Listed Building – Grade I
- Official name: The Parish Church of St Nicolas
- Designated: 30 August 1966
- Reference no.: 1353406

= St Nicolas Church, Pevensey =

St Nicolas' Church is the Anglican parish church of the village of Pevensey in the Wealden district of East Sussex, England. The church is a Grade I Listed building.

== History ==
St. Nicolas Church is the parish church of Pevensey, with its daughter church, St. Wilfrid's, serving Pevensey Bay. It is named after Saint Nicholas, the patron saint of seafarers. The Church’s origins can be traced to the Roman occupation of Britain and is built on the original site of a Saxon or Priory church dating from the fifth century, which at the time would have overlooked the sea, now some 1/2 mile distant. The Church we see today was built in its present form in the medieval period, between 1205 and 1216.

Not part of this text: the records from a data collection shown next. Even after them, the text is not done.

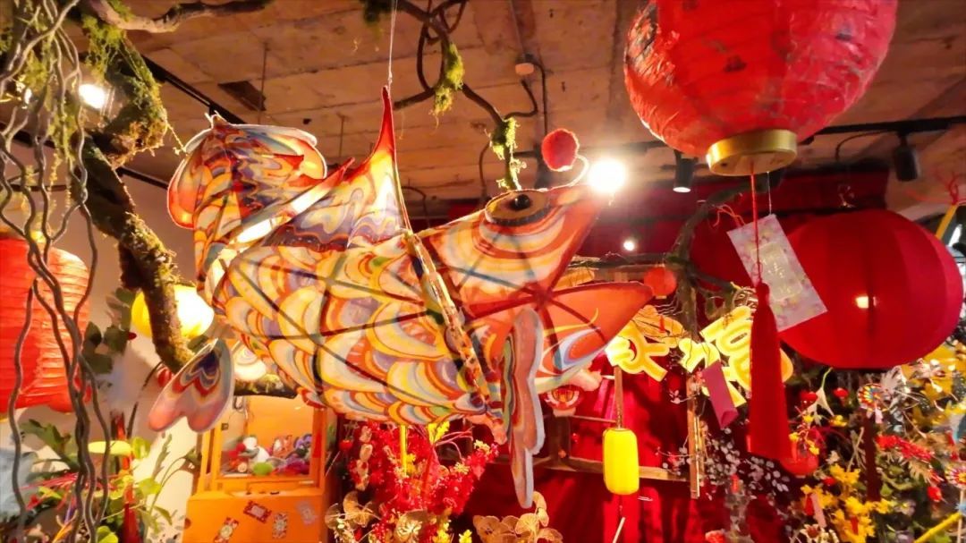 一盏盏造型各异的鱼灯高悬在空中
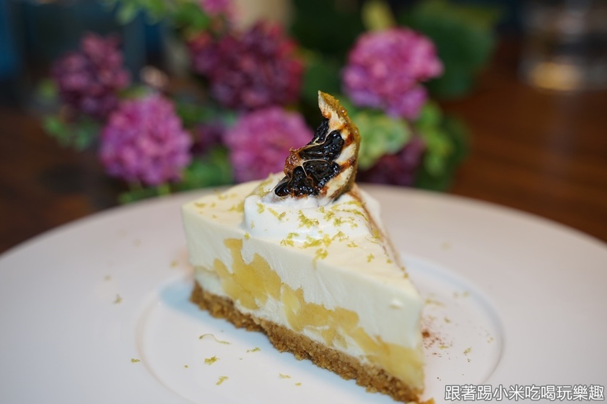 店家自製蛋糕(不同時間提供不同口味,點餐前可以先詢問店員),放上自製風乾檸檬片再撒上檸檬皮屑,使蛋糕多了檸檬的香氣,蛋糕體本身挺綿密的,奶油並不會太甜,整體來說甜而不膩
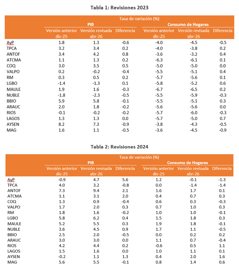 De acuerdo con la política de revisiones establecida para el Producto Interno Bruto Regional, se presentan nuevas estimaciones para el PIB y el consumo de hogares, que incorporan los nuevos agregados nacionales 2023 - 2025 provenientes de las Cuentas Nacionales Anuales (CNA) y las nuevas cifras trimestrales publicadas el pasado 18 de marzo. Adicionalmente, se actualizaron los indicadores y registros administrativos utilizados para distribuir por región los agregados nacionales, consistente con el método descendente de estimación.
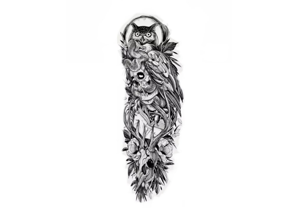 Rukáv - Zvieratá - Smrťka - Sova - Had - Dočasné tetovanie
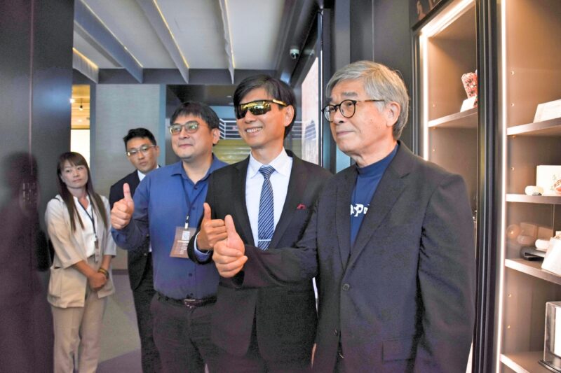 ▲體驗MIT與故宮聯名產品「TITAN青花龍紋飛行員眼鏡」。圖由左至右:艾德國際黃志昌總經理、產發署邱求慧署長、故宮博物院黃永泰副院長。(圖/中衛發展中心提供)
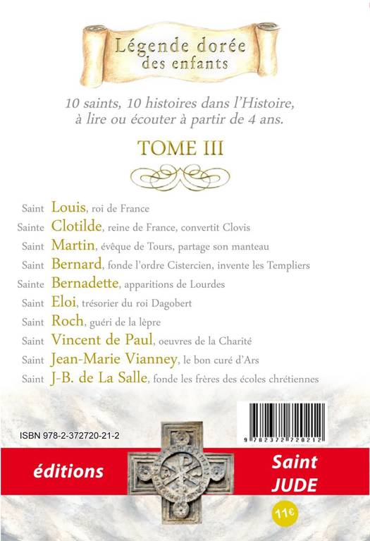Saint Louis, roi de France Sainte Clotilde, reine de France, convertit Clovis Saint Martin, évêque de Tours, partage son manteau Saint Bernard, fonde les Cisterciens, Invente les Templiers Sainte Bernadette, apparitions de Lourdes Saint Eloi, trésorier du roi Dagobert Saint Roch, guérit de la lèpre Saint Vincent de Paul, oeuvres de la Charité Saint Jean-Marie Vianney, le bon curé d'Ars Saint Jean-Baptiste de la Salle, fonde les écoles chrétiennes
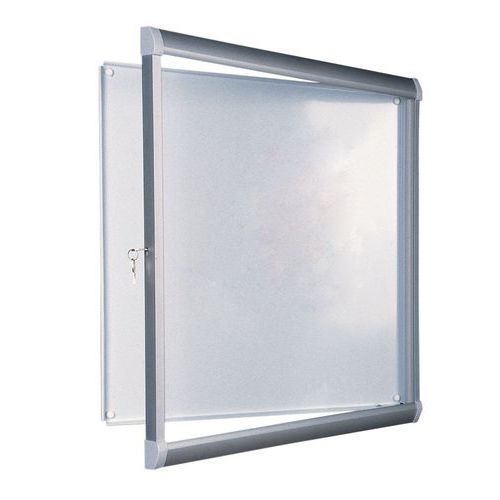 Ramme i natureloxeret aluminium med rundede hjørner i ABS-plast. Dør med 3 mm plexiglas. Whiteboard (hvidemaljeret stålbund). Skruesæt til ophæng medfølger.
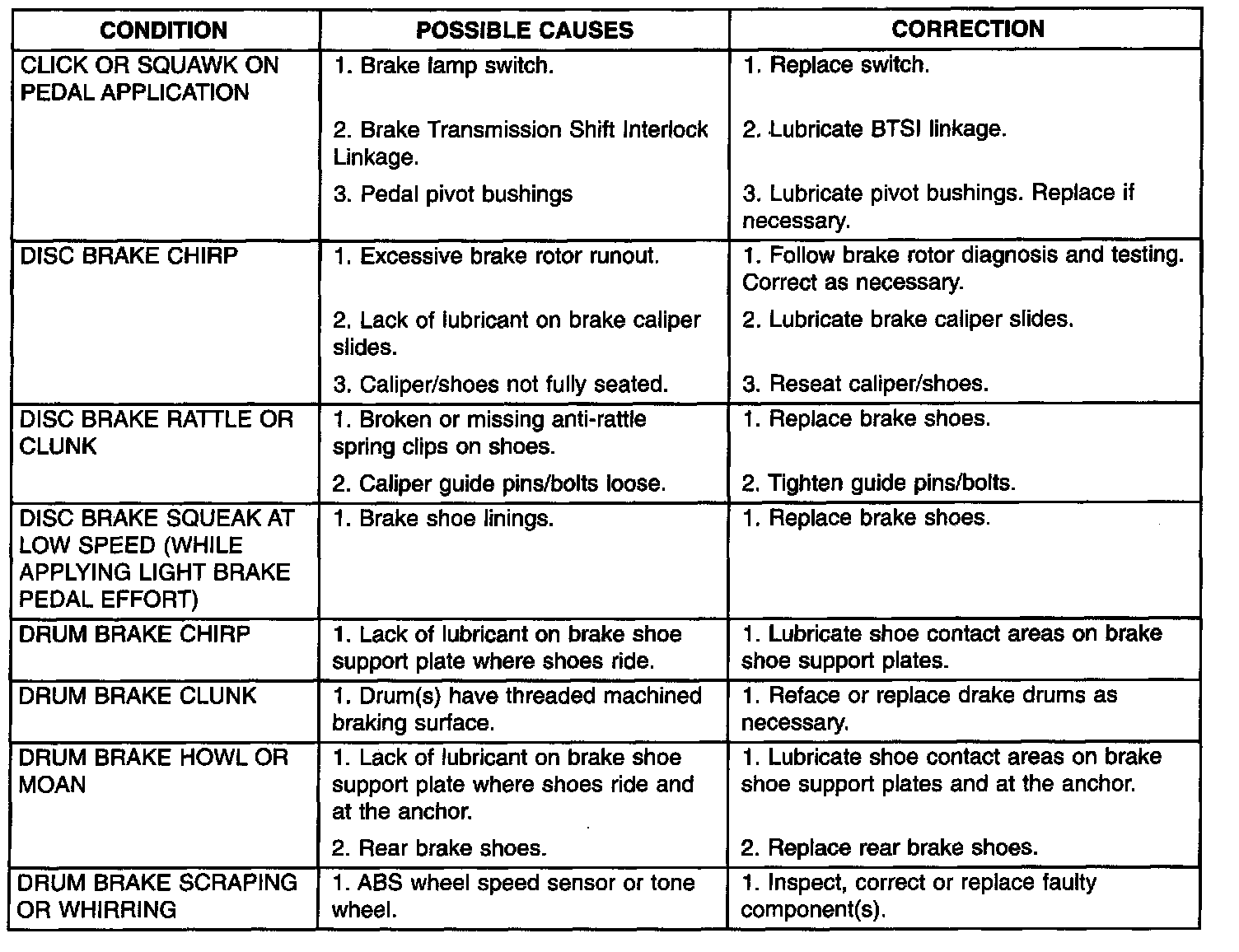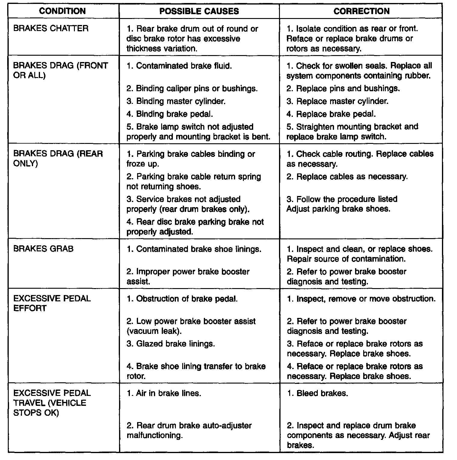 DIAGNOSIS AND TESTING - BASE BRAKE SYSTEMNOTE: There are three diagnosis charts following that cover the RED BRAKE WARNING INDICATOR LAMP, BRAKE NOISE and OTHER BRAKE CONDITIONS.
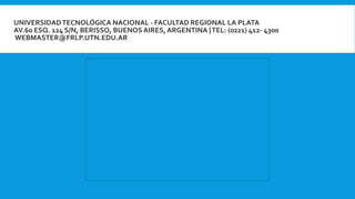 La Secretaría de Asuntos Estudiantiles de la Universidad Tecnológica Nacional Facultad Regional La Plata brinda asistencia social a estudiantes, participa en iniciativas de discapacidad, fomenta el deporte y el voluntariado. La UTN se distingue por priorizar la ingeniería y tener presencia federal en el país. Ofrece carreras de 5 años de Ingeniería Mecánica, Eléctrica, Química, Industrial, de Sistemas de Información y Civil.
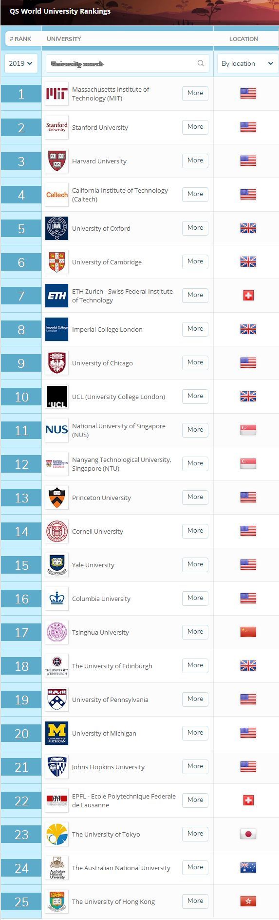 今天一大早,QS世界大學官網公布了最新的2019世界大學排行榜,又提前,太有心機了,肯定是為了搶占先機讓其他兩大世界排名有壓力!
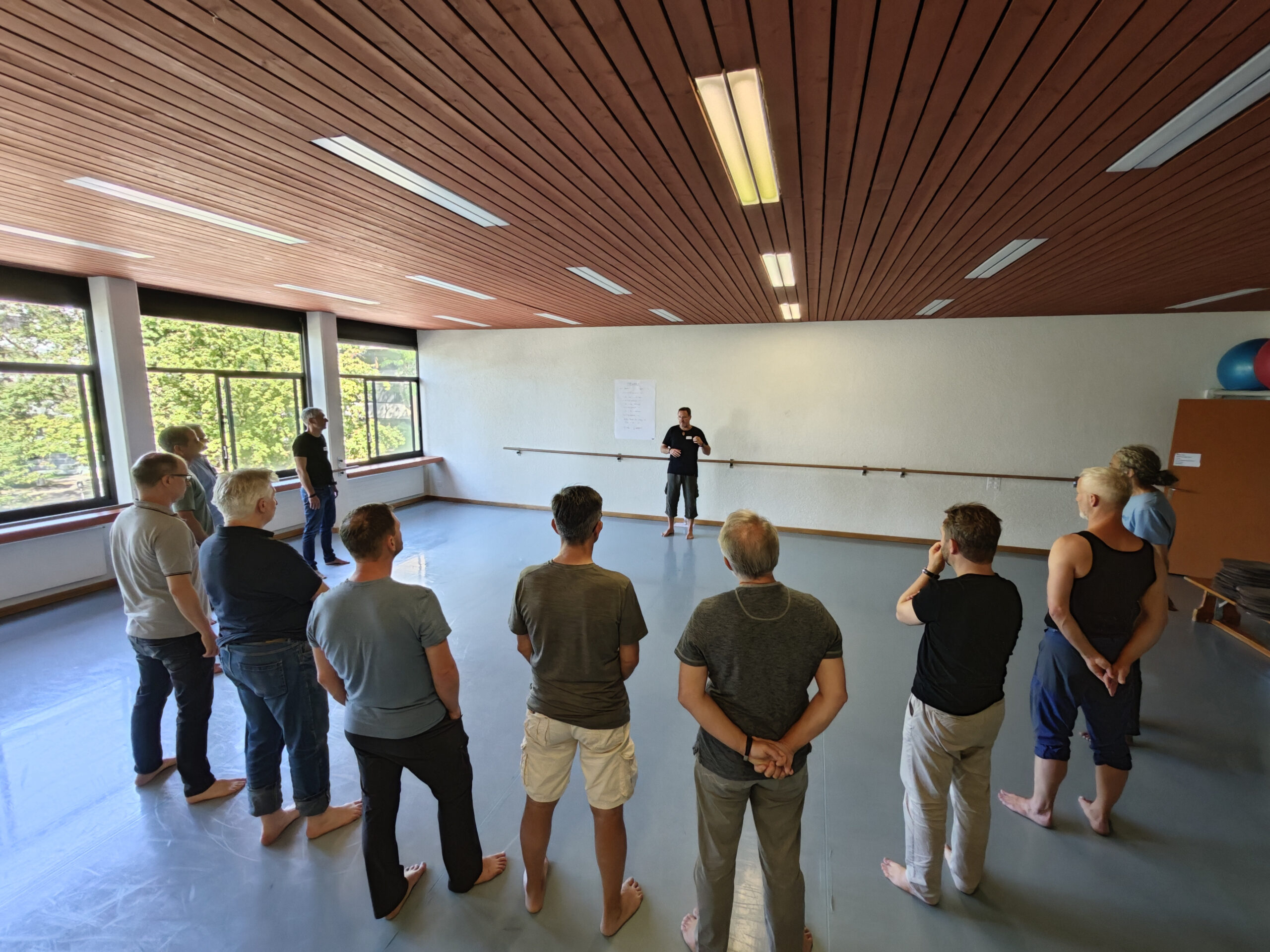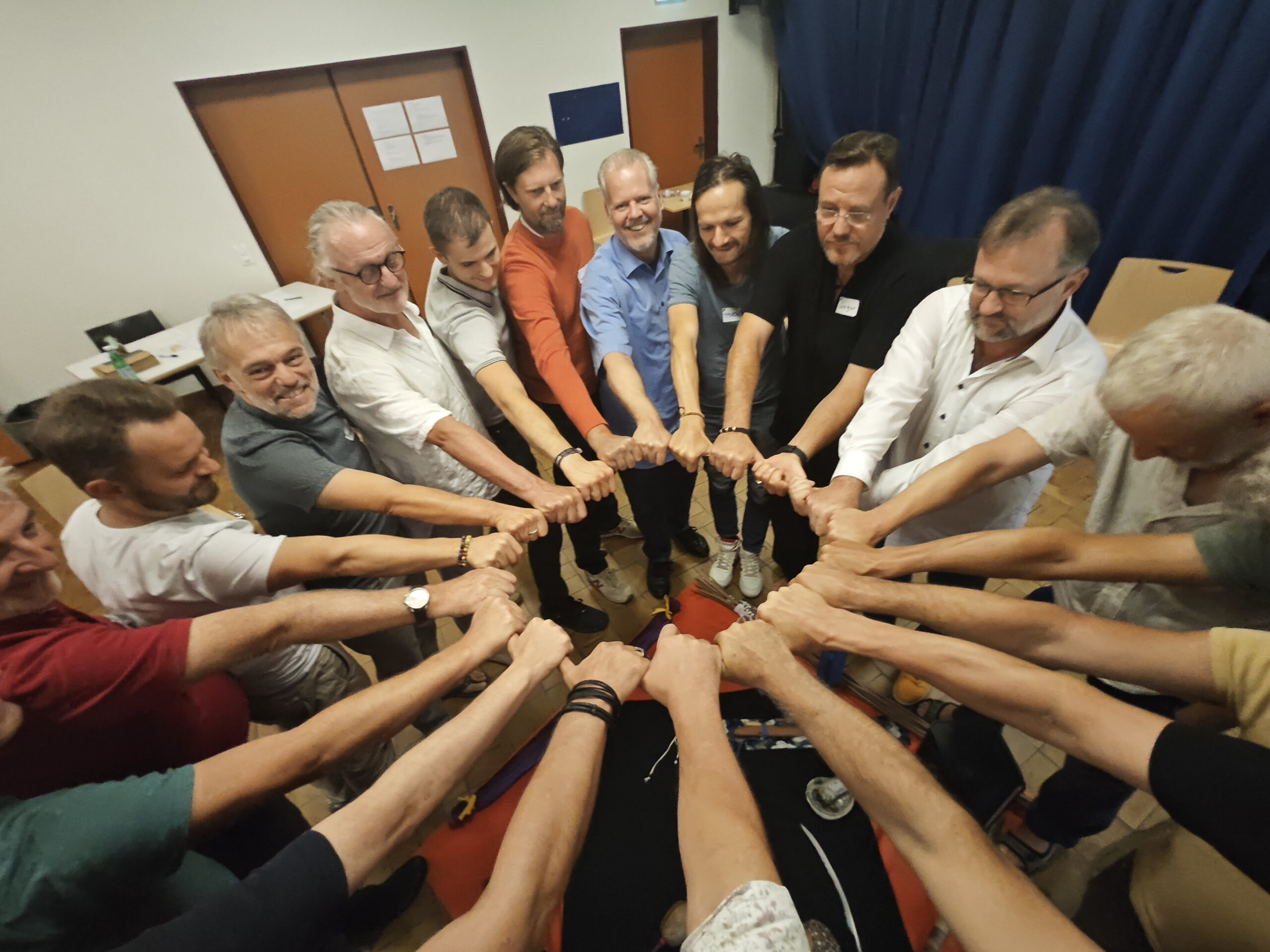 Aktive Meditationen und intensive Workshops lockerten den Rahmen des Symposiums auf und brachten uns auch ins körperliche Erleben. Denn was wäre ein Männersymposium ohne Einbezug unseres wichtigsten „Gedächtnisses“, dem Körper selbst. Gregor Schlitt brachte die Teilnehmer durch den traditionell angeleiteten Krafttanz (inspiriert vom HAKA, ritueller Tanz der Māori) ganz in ihre männliche Kraft und gemeinsam stärkten wir unsere wichtigen Wurzeln.

The completed St Nicolas Church remains a splendid example of ‘Early English’, or ‘Early English Gothic’, architecture. England's Gothic architectural tradition originated in France in the mid 12th century and spread rapidly to England. It is the plainest and closest to French building styles of the period. It is typified by the simplicity of its vaults and tracery, the use of lancet windows and smaller amounts of sculptural decoration than either Romanesque or later varieties of Gothic church building.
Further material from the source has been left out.